What is needed – When you restate the data, keep every word as it is and drop the images.

Collected data –
<<<<

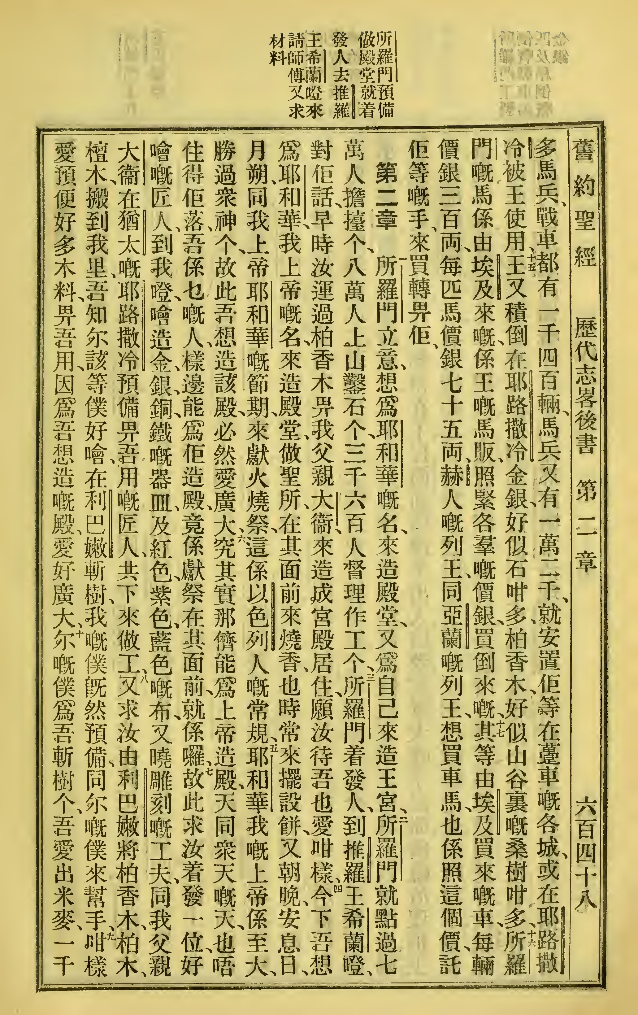 1923年圣经全书 历代志下 1 章 14 节到 2 章 10 节
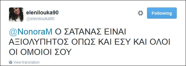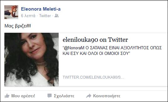 Η Ελένη Λουκά επιτέθηκε μέσω Twitter στην Ελεονώρα Μελέτη. «Ο σατανάς είναι αξιολύπητος όπως και εσύ και όλοι οι όμοιοι σου», έγραψε στη γνωστή παρουσιάστρια, η οποία ανέβασε το tweet στο λογαριασμό της στο Facebook με το εξής σχόλιο: «Μας βρίζουν».
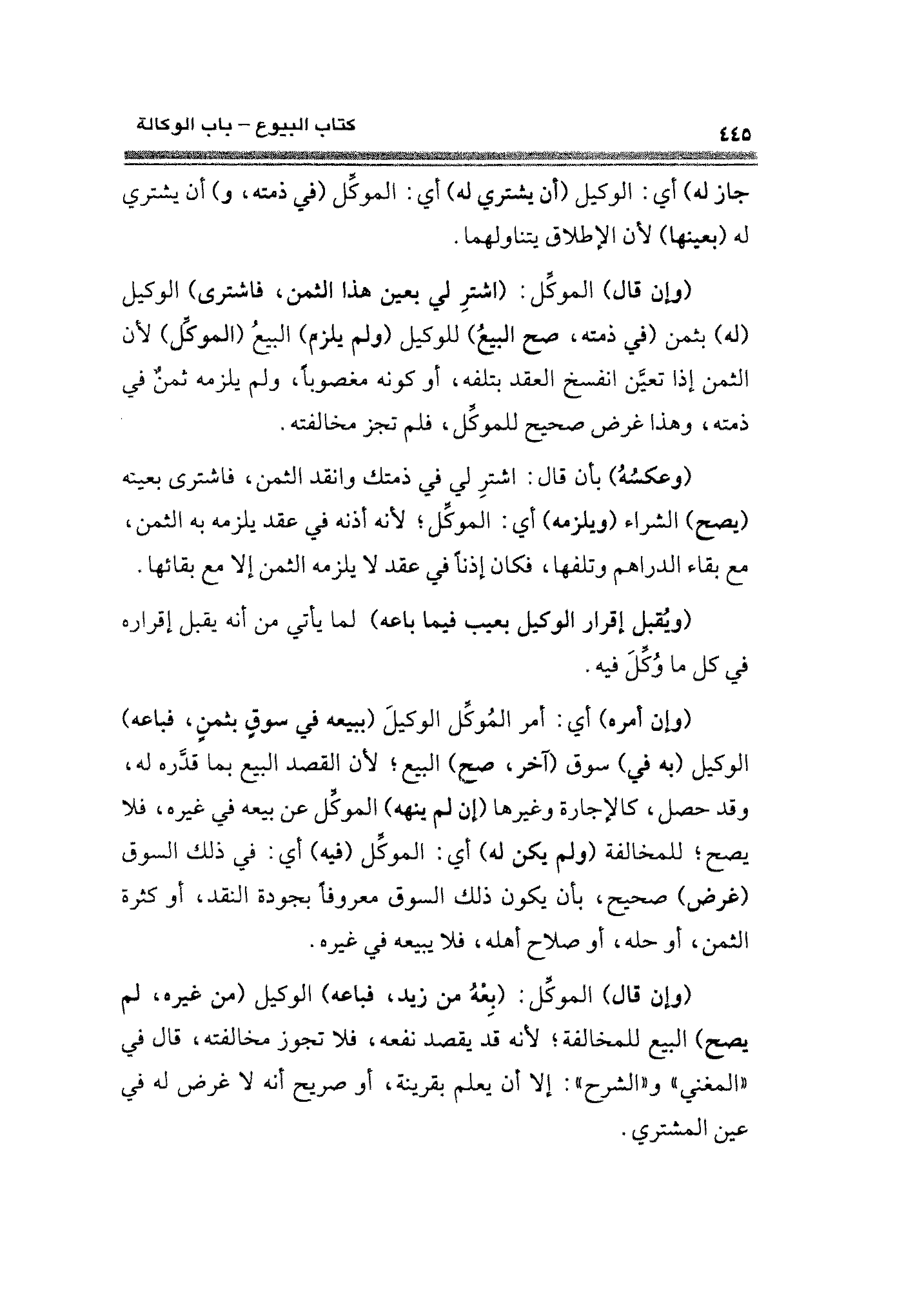 (وإن قال) الموكِّل: (بِعْهُ من زيد، فباعه) الوكيل (من غيره، لم يصح) البيع للمخالفة؛ لأنّه قد يقصد نفعه، فلا تجوز مخالفته، قال في "المغني" و "الشرح": إلا أن يعلم بقرينة، أو صريح أنه لا غرض له في عين المشتري.
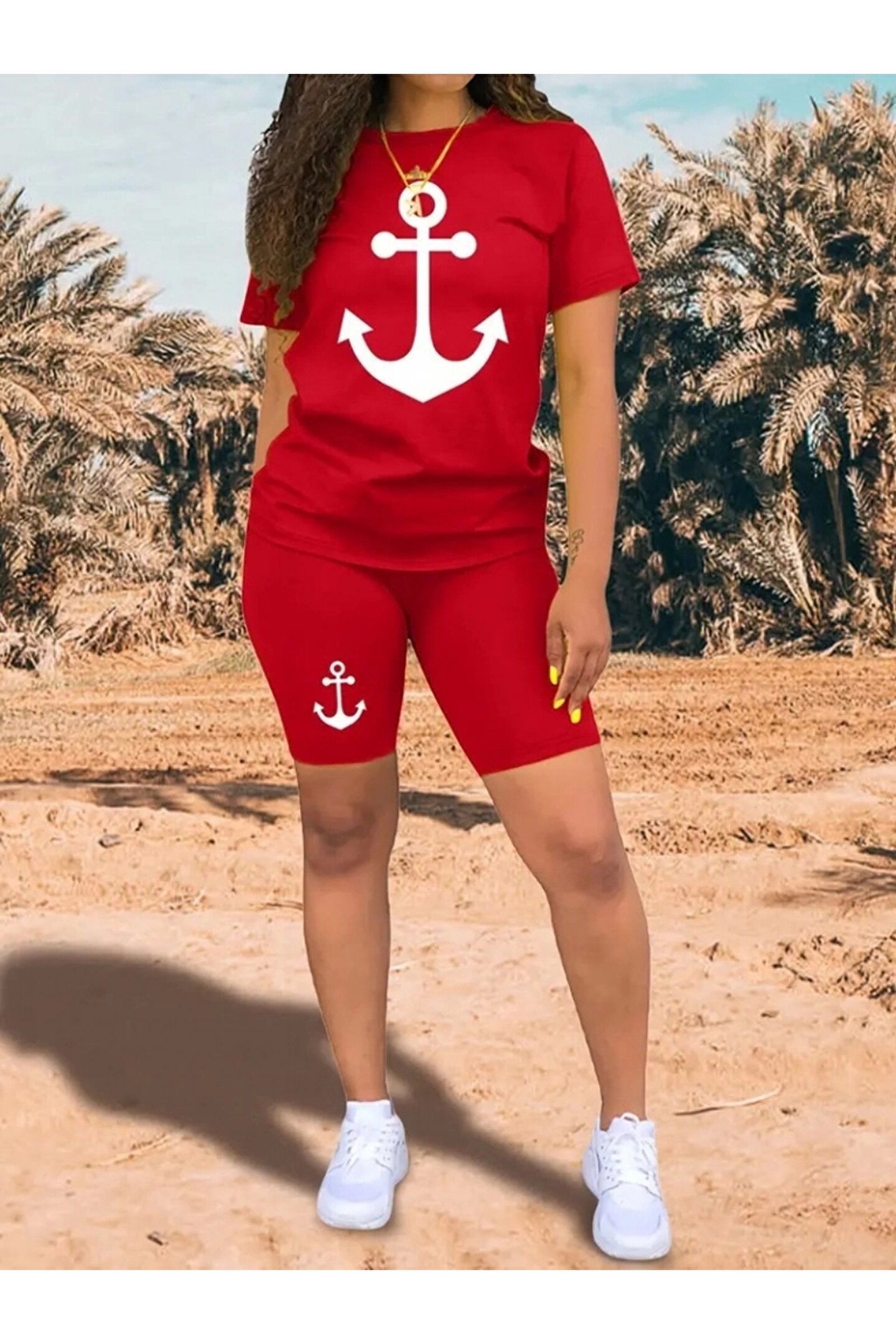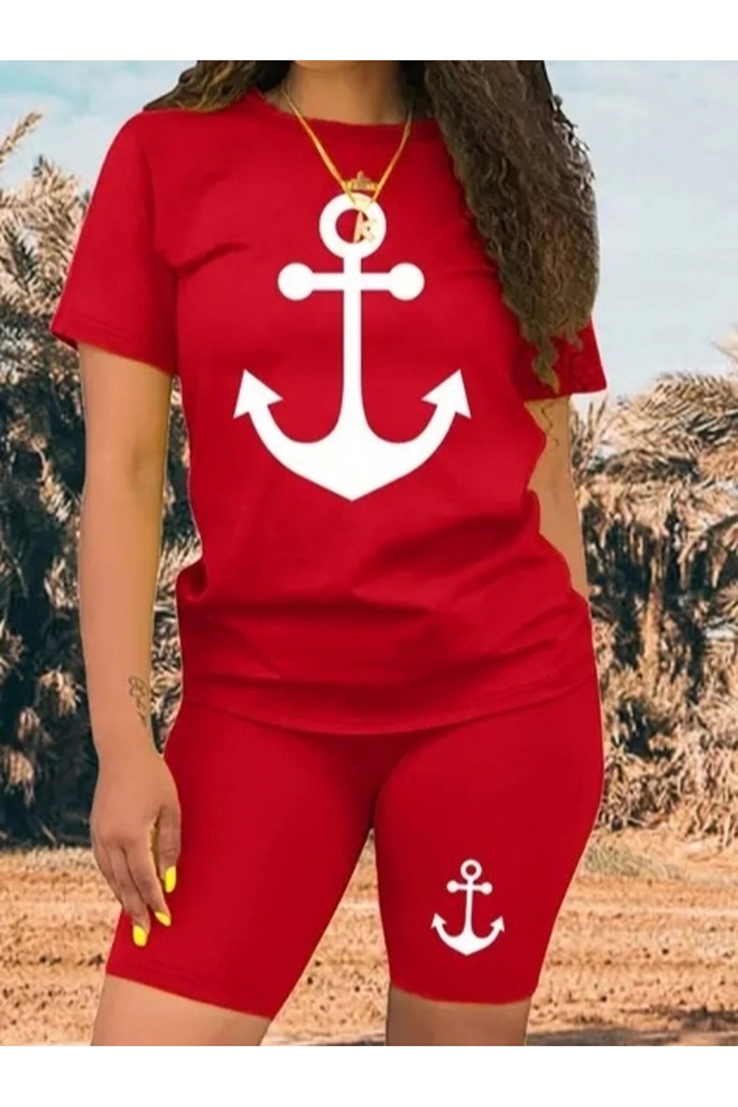 Kadın Kısa Kollu çapa Baskılı Viskon Ikili Takım

>>>>

Solution to this exercise –
 1923年圣经全书 历代志下 1 章 14 节到 2 章 10 节
 Η Ελένη Λουκά επιτέθηκε μέσω Twitter στην Ελεονώρα Μελέτη. «Ο σατανάς είναι αξιολύπητος όπως και εσύ και όλοι οι όμοιοι σου», έγραψε στη γνωστή παρουσιάστρια, η οποία ανέβασε το tweet στο λογαριασμό της στο Facebook με το εξής σχόλιο: «Μας βρίζουν».
 (وإن قال) الموكِّل: (بِعْهُ من زيد، فباعه) الوكيل (من غيره، لم يصح) البيع للمخالفة؛ لأنّه قد يقصد نفعه، فلا تجوز مخالفته، قال في "المغني" و "الشرح": إلا أن يعلم بقرينة، أو صريح أنه لا غرض له في عين المشتري.
 Kadın Kısa Kollu çapa Baskılı Viskon Ikili Takım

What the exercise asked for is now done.